El nombre de la roca
Curiosos topónimos amenizan la caminata entre la Morcuera y el mejor mirador de la Pedriza
Todos hemos jugado cuando niños al teléfono escacharrado. Consiste, si no lo recuerdan, en verificar la corrupción que sufre cualquier palabra o mensaje al circular sottovoce por un corro de chavales -cuantos más, mejor-, de modo que si el mensaje inicial es: "Una obra del maestro Chapí", al final suele quedar: "La picha de un maestro de obras", para alborozo de la inocente (y a ver quién demuestra lo contrario) chiquillería. La toponimia, que supuestamente es el sesudo estudio del origen y significado de los nombres propios de lugar, viene a ser, si bien se mira, un pasatiempo similar.La toponimia es una de las ciencias más inexactas y simpáticas que existen. Es como herborizar en la selva de las etimologías. A Madrid, por ejemplo, se le han encontrado más de veinte posibles raíces: mandra, màdrya, matricem, matrilium, matrylion, maiorito, mageterito, maajerit, magerit ... ; étimos griegos, latinos, arábigos, germánicos e incluso celtas, con sentidos tan dispares como "lugar ventoso, de aires subtiles y saludables, de cielo claro" (Covarrubias) o como "prostíbulo" a secas. Por parecidas razones, el puerto de la Morcuera es un buen sitio para salir a buscar topónimos.

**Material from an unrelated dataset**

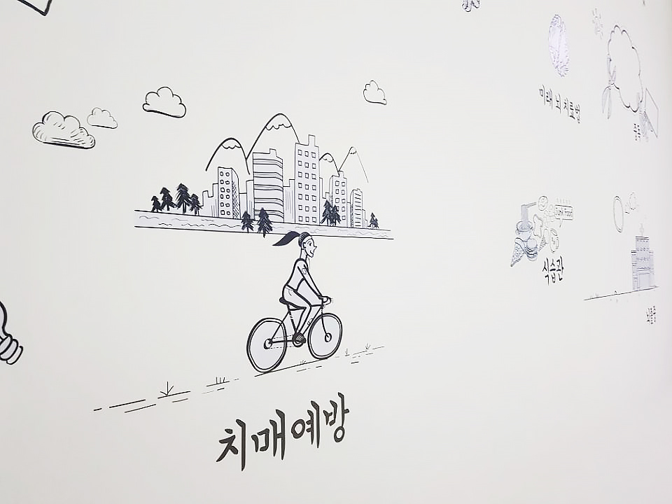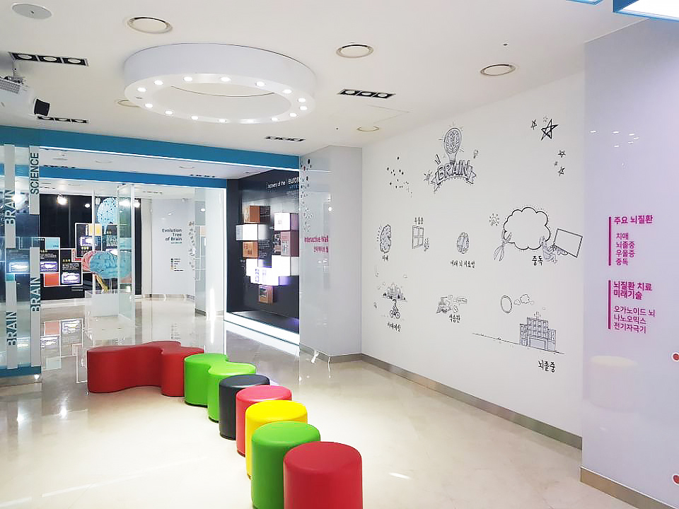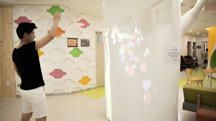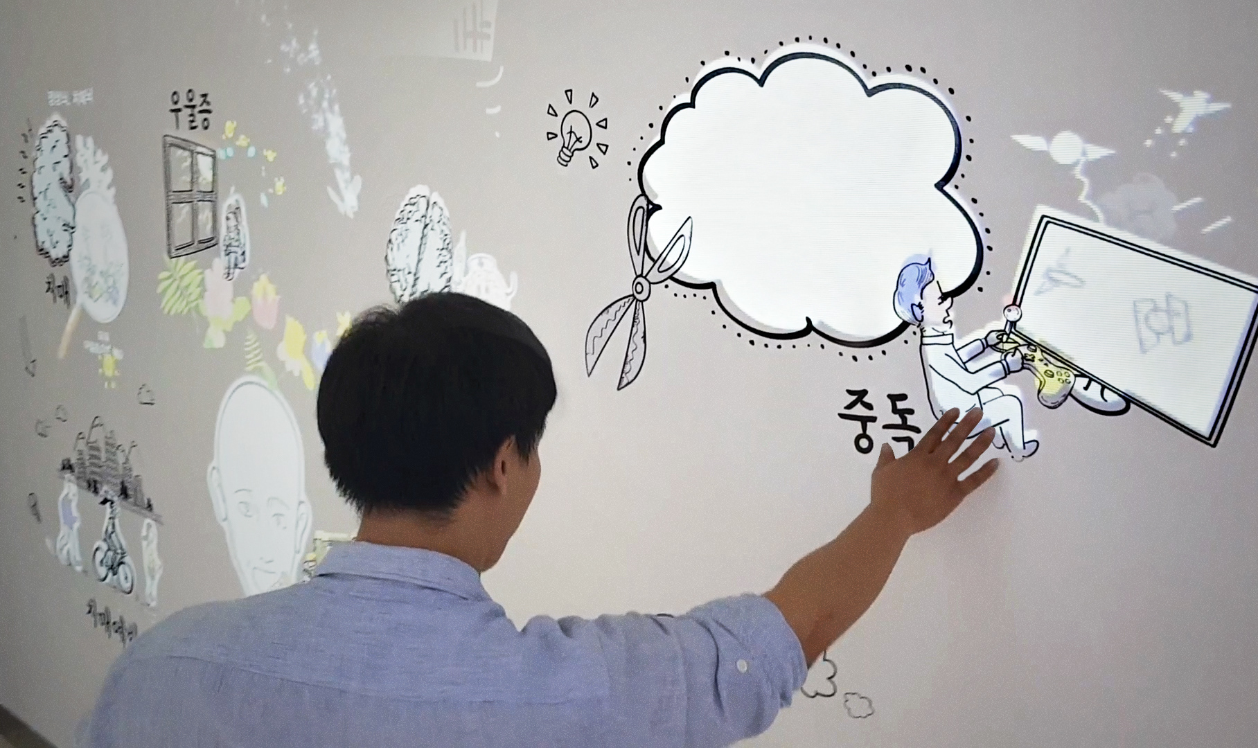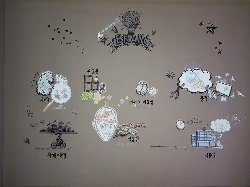 벽면에 시트지에 붙어 있는 그림을 손으로 터치하면 그 모양에 관련된 뇌 질환 영상이

Morcuera, según los sabuesos de la toponímia, vendría de marcuera, que a su vez sería corrupción de malacuera; cuera era una especie de chaquetilla que usábase antiguamente sobre el jubón; malacuera significaría lugar desabrigado, frío, corno es de esperar de un paso entre montañas situado a 1.796 metros sobre el nivel del mar. El excursionista, que ha visto nevar aquí en pleno mes de julio, puede dar fe de que 16 es; pero el excursionista también ha visto esta mañana, antes de salir, que el diccionario de María Moliner registra bajo la voz morcuero. "Montón de piedras que se pone como señal en un límite". Y, la verdad, siendo como es este puerto medianedo entre los términos de Rascafría (que cae al norte) y Miraflores (al sureste), ya no sabe a qué carta quedarse.
Bordeando por la derecha la cerca que marca dicho límite, rumbo sur, el caminante trepa en poco más de una hora a la Najarra (2.106 metros), cuyo vértice geodésico se empina sobre los tejados de Miraflores de la Sierra -llamado antaño Porquerizas-. Najarra, que los que saben hebreo dicen que viene de nahar: "Abundosa en aguas", sin duda por los numerosos hontanares que verdean en sus laderas.
Sigue luego el excursionista hacia poniente, siempre por la cuerda de la montaña, siempre por el duro filo de esta sierra en el que apenas brota nada, sólo el piorno (por cierto, que el barón de Davillier comenta en su Viaje de España que la palabra piorno valía, en la jerga del hampa europea, por borracho, y ello acaso porque el aroma de sus florecillas gualdas es asaz embriagador y, al decir de los pastores, produce dolor de cabeza a quien sestea en un piornal), el enebro rastrero y los ásperos céspedes de cervuno y cañuela indigesta -ompebarrigas-: nombres expresivos a más no poder.
Tras la Najarra vienen, en sucesión de bajadas y subidas, un colladito sin título (vaya por Dios), la loma de Bailanderos (¿bandoleros quizá?: bailadores, en germanía, son ladrones), el collado de Pedro de los Lobos (a este Pedro no lo conocemos, pero abajo, en Miraflores, hay un monumento a la memoria de Antonio Robledo Palomino, cazador de lobos, al que dedicó una biografía el barón de Ker) y los 2.239 metros de Asómate de Hoyos, una invitación expresa para asomarse a las dos hoyas, la de San Bias y la del arroyo de los Hoyos de la Sierra, que se abisman al mediodía, así como a la fosa tectónica del valle del Lozoya, ésta al sepentrión.
Ahora, el excursionista abandona la cuerda principal para dirigirse hacia el sur y coronar, cuando se cumplen tres horas de caminata, el alto de Matasanos (2.086 metros), balcón privilegiado sobre la Pedriza y topónimo que no engaña: aquí, la temperatura media anual ronda los cuatro grados y los días de helada son 320.